DATA SEGMENT:

-------

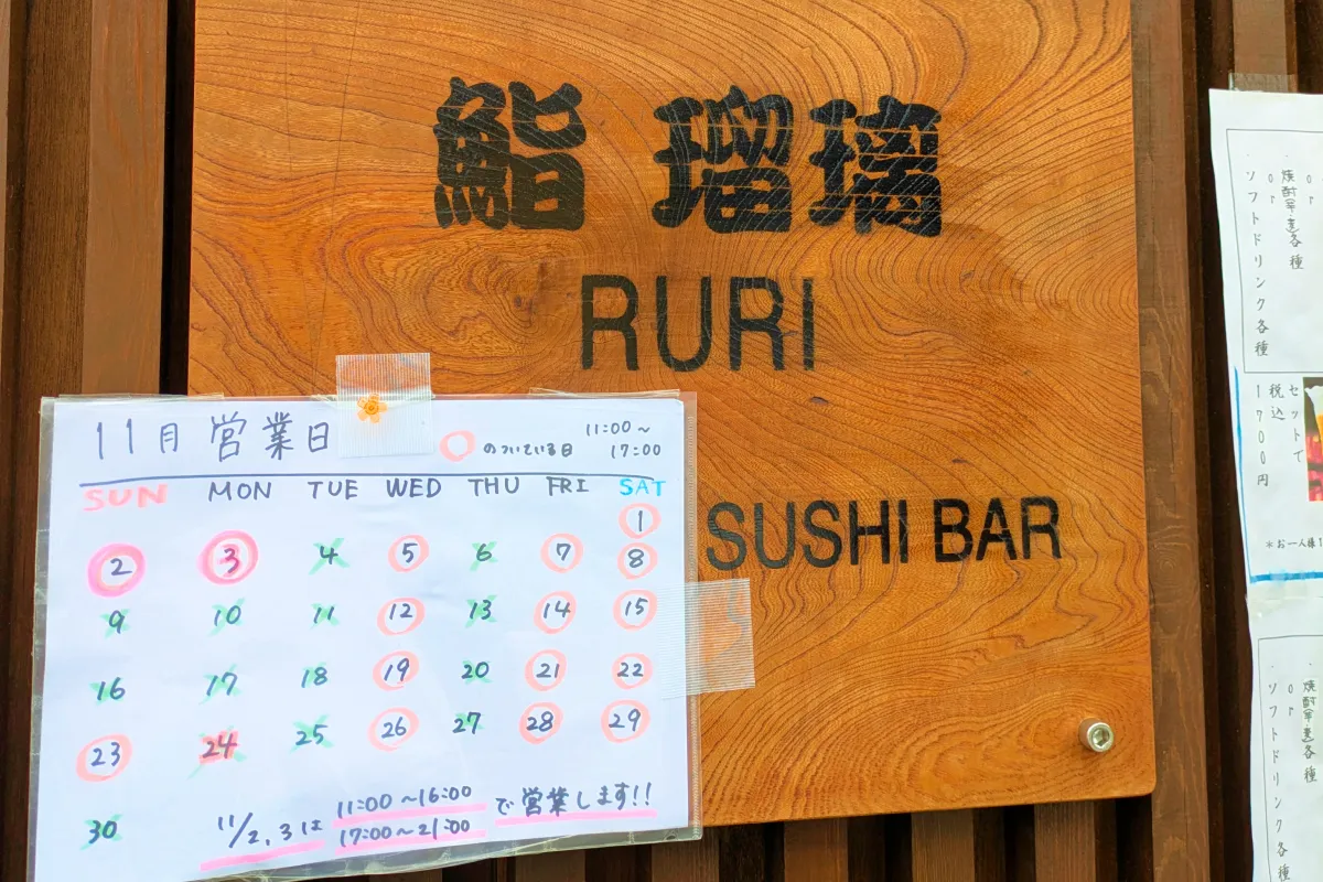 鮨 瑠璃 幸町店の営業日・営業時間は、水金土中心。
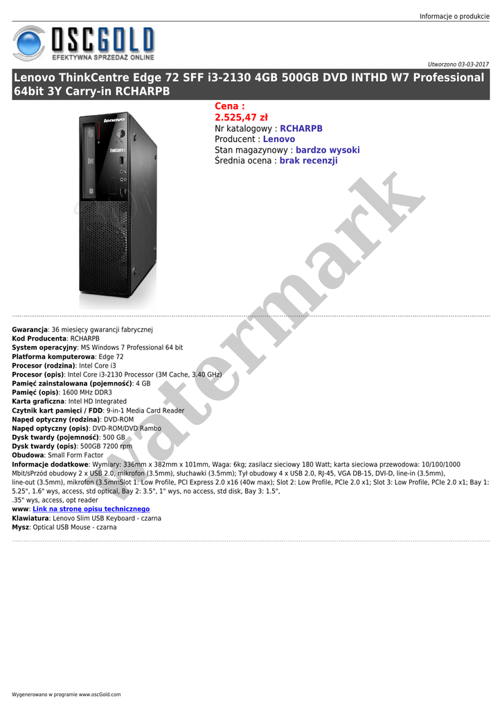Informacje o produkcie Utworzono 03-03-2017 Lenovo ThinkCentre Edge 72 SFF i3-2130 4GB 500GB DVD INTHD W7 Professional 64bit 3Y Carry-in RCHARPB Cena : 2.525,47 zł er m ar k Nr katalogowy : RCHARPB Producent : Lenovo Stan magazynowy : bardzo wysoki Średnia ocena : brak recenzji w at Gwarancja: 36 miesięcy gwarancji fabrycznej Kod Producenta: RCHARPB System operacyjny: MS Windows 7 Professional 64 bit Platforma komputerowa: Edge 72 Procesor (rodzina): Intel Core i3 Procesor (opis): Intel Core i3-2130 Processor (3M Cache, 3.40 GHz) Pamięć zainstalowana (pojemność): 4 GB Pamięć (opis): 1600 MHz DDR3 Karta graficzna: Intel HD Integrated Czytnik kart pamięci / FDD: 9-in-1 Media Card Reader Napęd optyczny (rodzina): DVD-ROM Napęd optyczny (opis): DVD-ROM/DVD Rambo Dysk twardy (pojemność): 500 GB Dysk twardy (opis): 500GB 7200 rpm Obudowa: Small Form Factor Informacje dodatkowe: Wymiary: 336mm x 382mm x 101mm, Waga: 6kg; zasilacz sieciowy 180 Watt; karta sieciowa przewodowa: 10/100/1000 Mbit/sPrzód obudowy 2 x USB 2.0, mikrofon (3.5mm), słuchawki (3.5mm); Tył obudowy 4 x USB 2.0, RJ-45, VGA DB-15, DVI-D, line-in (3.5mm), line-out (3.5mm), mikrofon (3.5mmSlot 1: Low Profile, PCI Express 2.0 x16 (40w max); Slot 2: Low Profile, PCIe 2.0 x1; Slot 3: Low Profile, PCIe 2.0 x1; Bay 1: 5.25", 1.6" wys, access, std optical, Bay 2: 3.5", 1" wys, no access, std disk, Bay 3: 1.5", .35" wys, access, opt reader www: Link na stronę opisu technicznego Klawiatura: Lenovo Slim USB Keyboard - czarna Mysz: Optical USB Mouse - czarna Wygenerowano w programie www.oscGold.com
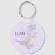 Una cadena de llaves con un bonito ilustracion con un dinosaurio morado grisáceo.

-------

WHAT THE TASK ASKS:
Leave out the pictures and retype every line above exactly.

EXPECTED OUTPUT:
 鮨 瑠璃 幸町店の営業日・営業時間は、水金土中心。
Informacje o produkcie Utworzono 03-03-2017 Lenovo ThinkCentre Edge 72 SFF i3-2130 4GB 500GB DVD INTHD W7 Professional 64bit 3Y Carry-in RCHARPB Cena : 2.525,47 zł er m ar k Nr katalogowy : RCHARPB Producent : Lenovo Stan magazynowy : bardzo wysoki Średnia ocena : brak recenzji w at Gwarancja: 36 miesięcy gwarancji fabrycznej Kod Producenta: RCHARPB System operacyjny: MS Windows 7 Professional 64 bit Platforma komputerowa: Edge 72 Procesor (rodzina): Intel Core i3 Procesor (opis): Intel Core i3-2130 Processor (3M Cache, 3.40 GHz) Pamięć zainstalowana (pojemność): 4 GB Pamięć (opis): 1600 MHz DDR3 Karta graficzna: Intel HD Integrated Czytnik kart pamięci / FDD: 9-in-1 Media Card Reader Napęd optyczny (rodzina): DVD-ROM Napęd optyczny (opis): DVD-ROM/DVD Rambo Dysk twardy (pojemność): 500 GB Dysk twardy (opis): 500GB 7200 rpm Obudowa: Small Form Factor Informacje dodatkowe: Wymiary: 336mm x 382mm x 101mm, Waga: 6kg; zasilacz sieciowy 180 Watt; karta sieciowa przewodowa: 10/100/1000 Mbit/sPrzód obudowy 2 x USB 2.0, mikrofon (3.5mm), słuchawki (3.5mm); Tył obudowy 4 x USB 2.0, RJ-45, VGA DB-15, DVI-D, line-in (3.5mm), line-out (3.5mm), mikrofon (3.5mmSlot 1: Low Profile, PCI Express 2.0 x16 (40w max); Slot 2: Low Profile, PCIe 2.0 x1; Slot 3: Low Profile, PCIe 2.0 x1; Bay 1: 5.25", 1.6" wys, access, std optical, Bay 2: 3.5", 1" wys, no access, std disk, Bay 3: 1.5", .35" wys, access, opt reader www: Link na stronę opisu technicznego Klawiatura: Lenovo Slim USB Keyboard - czarna Mysz: Optical USB Mouse - czarna Wygenerowano w programie www.oscGold.com
 Una cadena de llaves con un bonito ilustracion con un dinosaurio morado grisáceo.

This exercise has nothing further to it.